Pulsed thermal annealing enables switching of chiral antiferromagnetic order with a sub-millitesla field in Mn3Sn

Abstract

The manipulation of antiferromagnetic (AFM) order is a central theme in modern spintronics. In this work, we achieve reliable switching of the chiral AFM state in the Weyl antiferromagnet Mn3Sn using a heat pulse combined with a very small magnetic field as small as 0.1 mT. By systematically measuring the anomalous Hall effect (AHE) in high-quality single crystals, we show that the field needed for switching decreases as the temperature approaches the Néel temperature TN, and vanishes at TN. Pulsed thermal annealing above TN followed by cooling in a tiny external field enables full and reproducible switching of the magnetic octupole order.
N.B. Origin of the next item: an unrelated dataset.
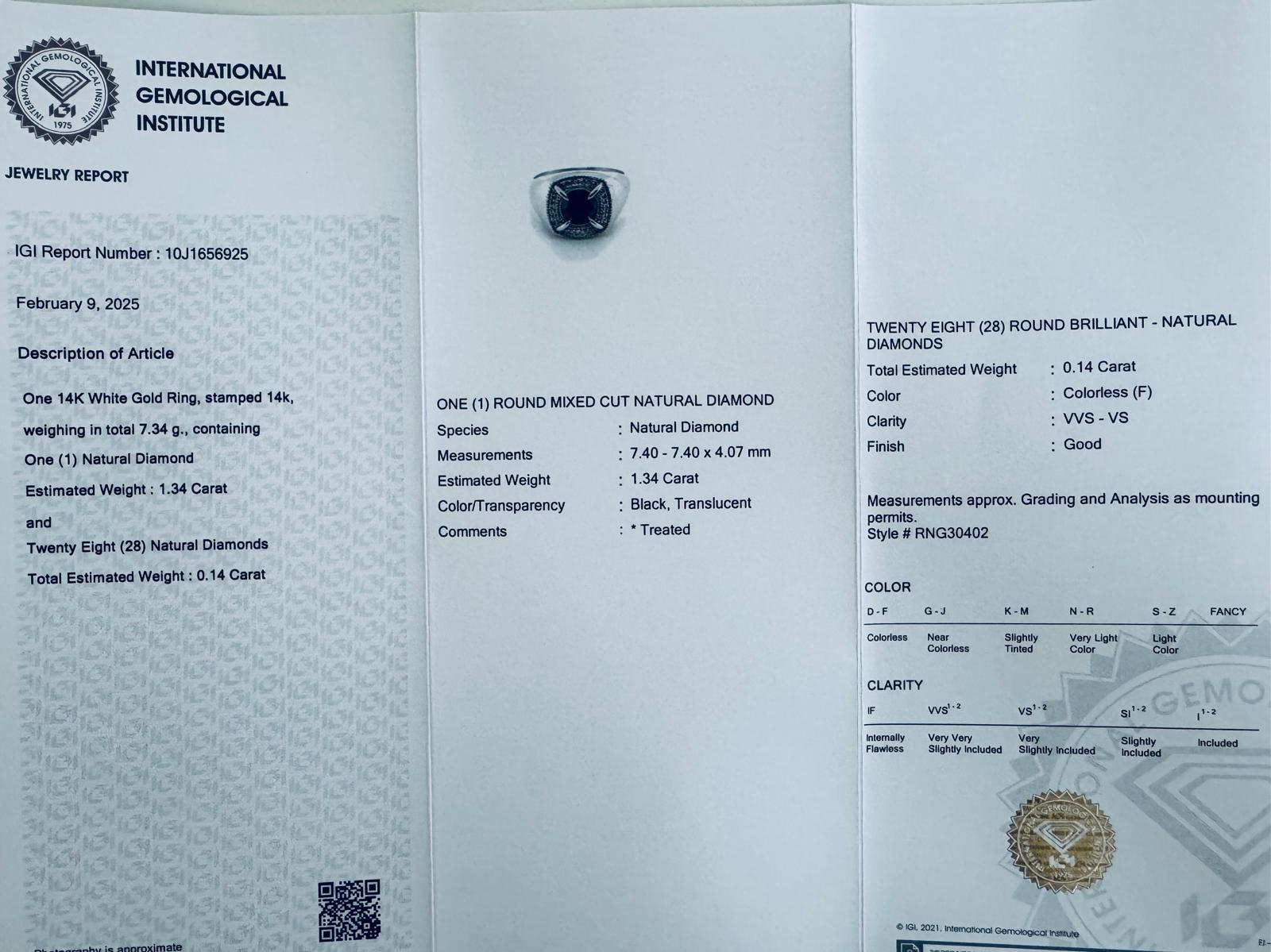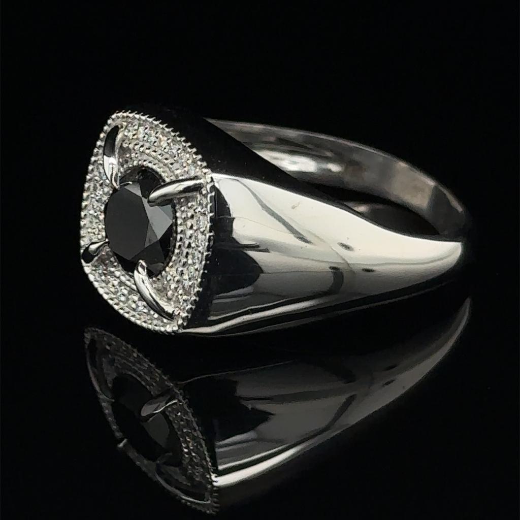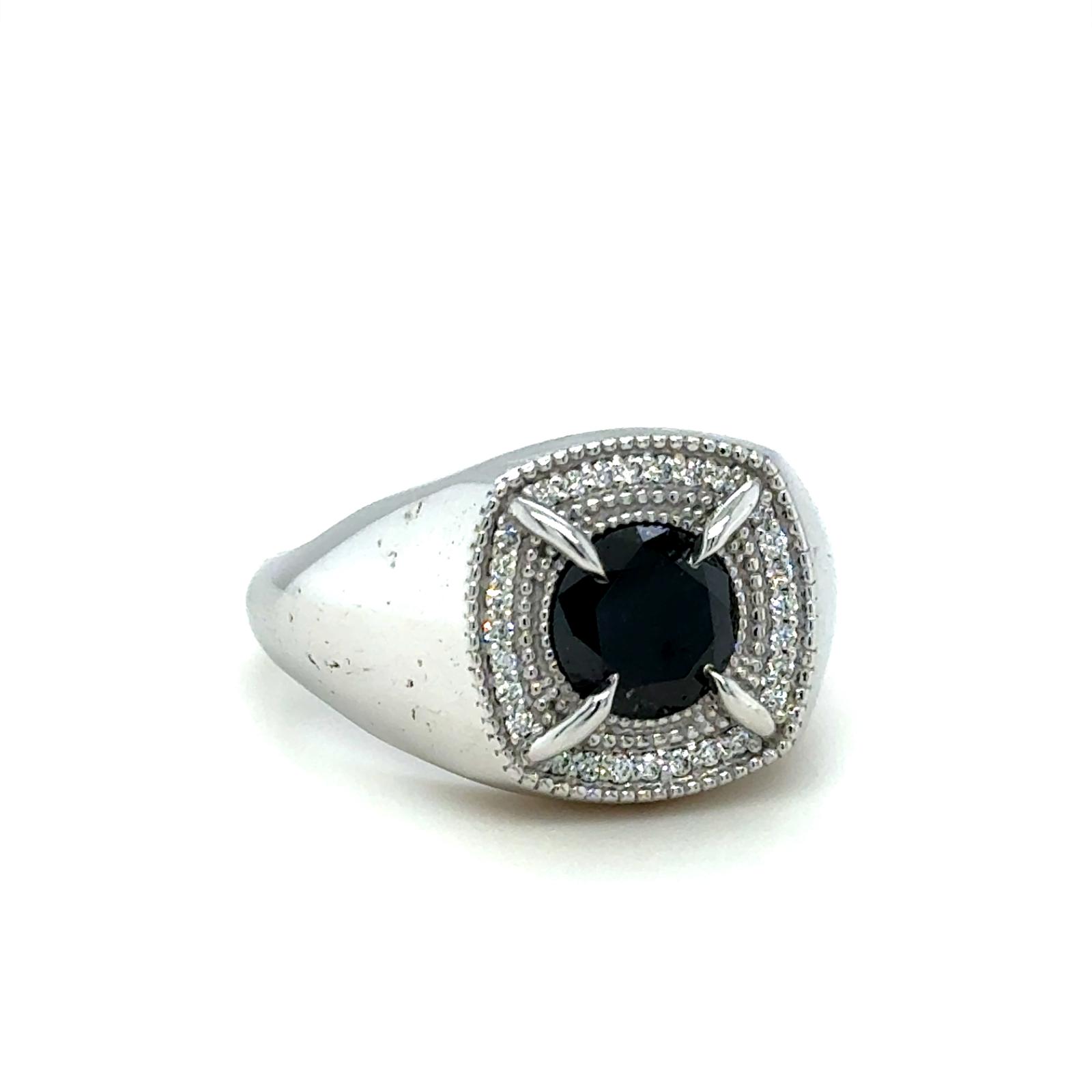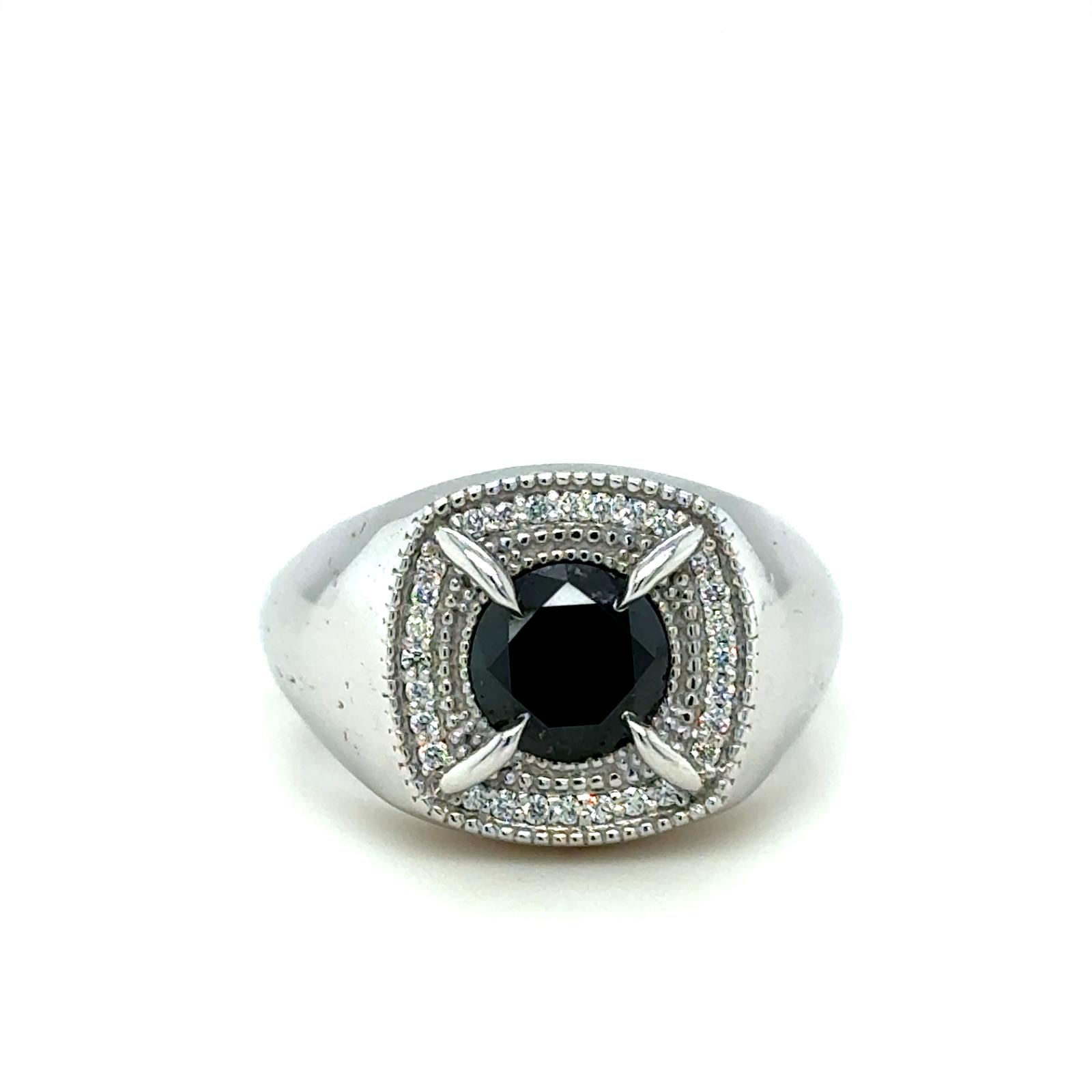 ANELLO IN ORO BIANCO 14K 7,34 GR CON DIAMANTE NERO 1,34 CT E BRILLANTI PER 0,14 CT COLORE F PUREZZA VVS – TAGLIA 10,5 – CERTIFICATO IGI – RNG30402

Our results show that thermal softening (heating above TN to temporarily remove the magnetic anisotropy) is a key step that lowers the energy barrier to nearly zero. This allows an extremely weak directional field (like the effective field from spin-orbit torque in thin-film devices) to set the final magnetic state during cooling. We also provide a simple model to estimate the temperature rise in nanoscale devices under current pulses, giving practical guidance for device design. This work highlights that thermal effects are not a side issue but an important partner to spin torques, and suggests that future work should take both into account.